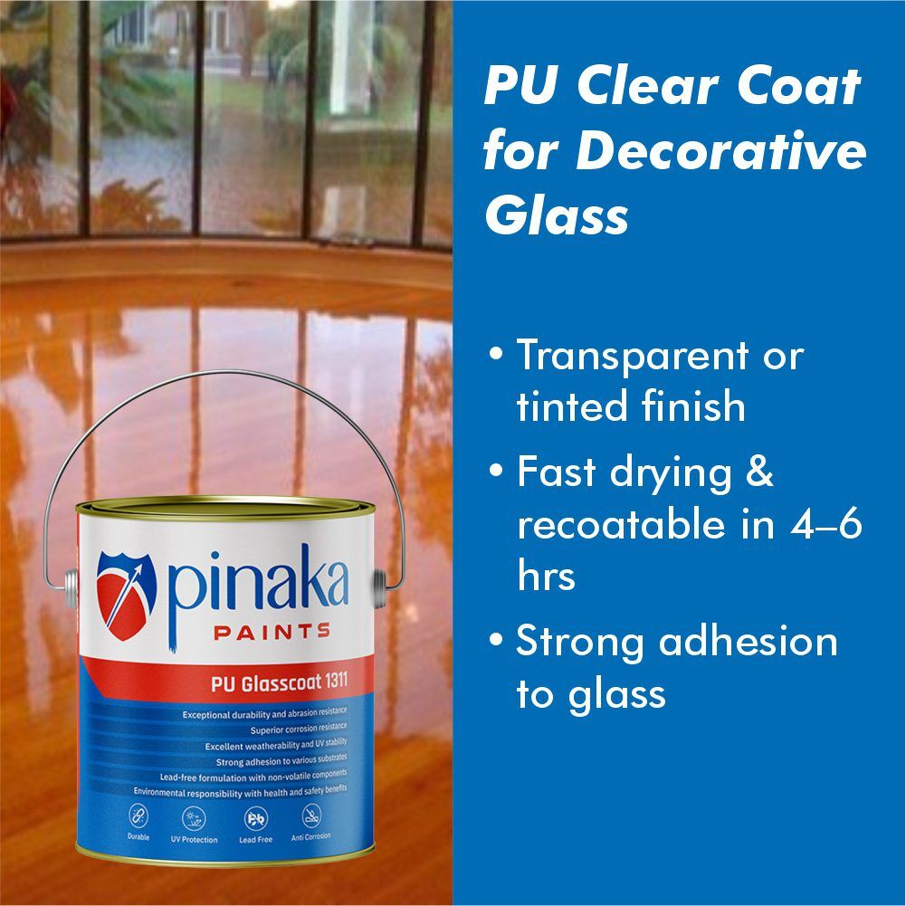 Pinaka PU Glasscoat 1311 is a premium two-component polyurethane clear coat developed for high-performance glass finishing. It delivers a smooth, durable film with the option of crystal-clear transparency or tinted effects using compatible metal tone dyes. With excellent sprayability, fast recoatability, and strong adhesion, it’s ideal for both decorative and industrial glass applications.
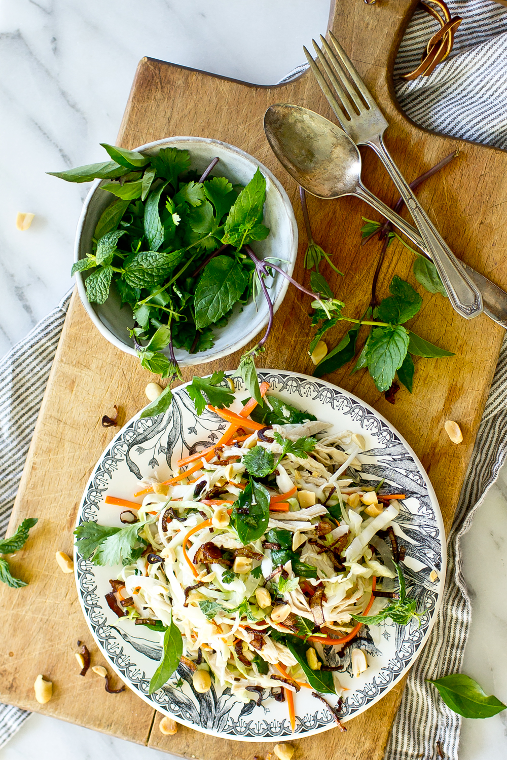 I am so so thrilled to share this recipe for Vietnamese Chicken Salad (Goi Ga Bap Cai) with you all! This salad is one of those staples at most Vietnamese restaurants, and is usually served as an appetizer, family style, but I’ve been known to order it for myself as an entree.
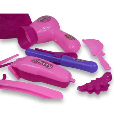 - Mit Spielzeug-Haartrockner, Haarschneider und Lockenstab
---
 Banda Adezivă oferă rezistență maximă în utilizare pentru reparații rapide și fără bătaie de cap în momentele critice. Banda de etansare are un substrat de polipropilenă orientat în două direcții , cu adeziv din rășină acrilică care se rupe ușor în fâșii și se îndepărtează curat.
...
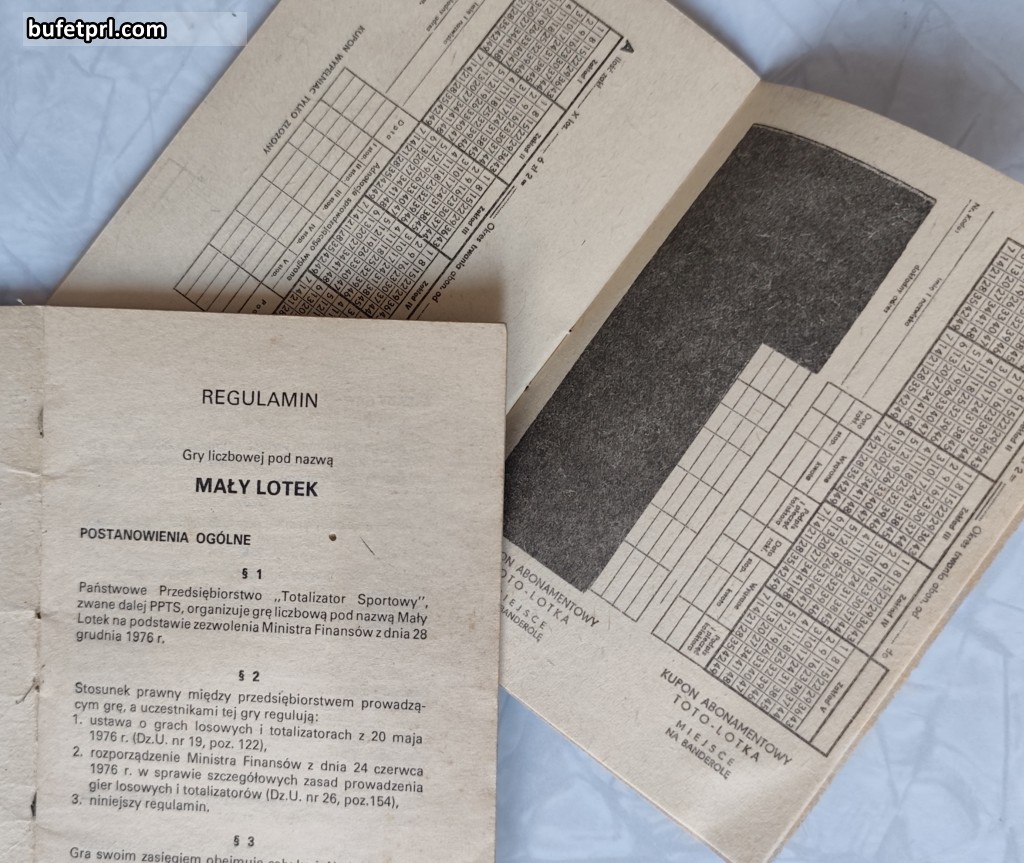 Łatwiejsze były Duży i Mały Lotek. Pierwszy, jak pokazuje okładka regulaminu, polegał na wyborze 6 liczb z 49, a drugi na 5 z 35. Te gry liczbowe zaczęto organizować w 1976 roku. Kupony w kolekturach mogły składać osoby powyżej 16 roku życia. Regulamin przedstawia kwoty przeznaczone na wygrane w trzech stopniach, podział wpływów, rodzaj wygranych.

WORK ITEM —
Nothing outside the stretch above, from the line with "I am so so thrilled" through the line with "- Mit Spielzeug-Haartrockner, Haarschneider", is set down. Transcribe that stretch exactly, ends included, but not its pictures.

TASK RESPONSE —
 I am so so thrilled to share this recipe for Vietnamese Chicken Salad (Goi Ga Bap Cai) with you all! This salad is one of those staples at most Vietnamese restaurants, and is usually served as an appetizer, family style, but I’ve been known to order it for myself as an entree.
 - Mit Spielzeug-Haartrockner, Haarschneider und Lockenstab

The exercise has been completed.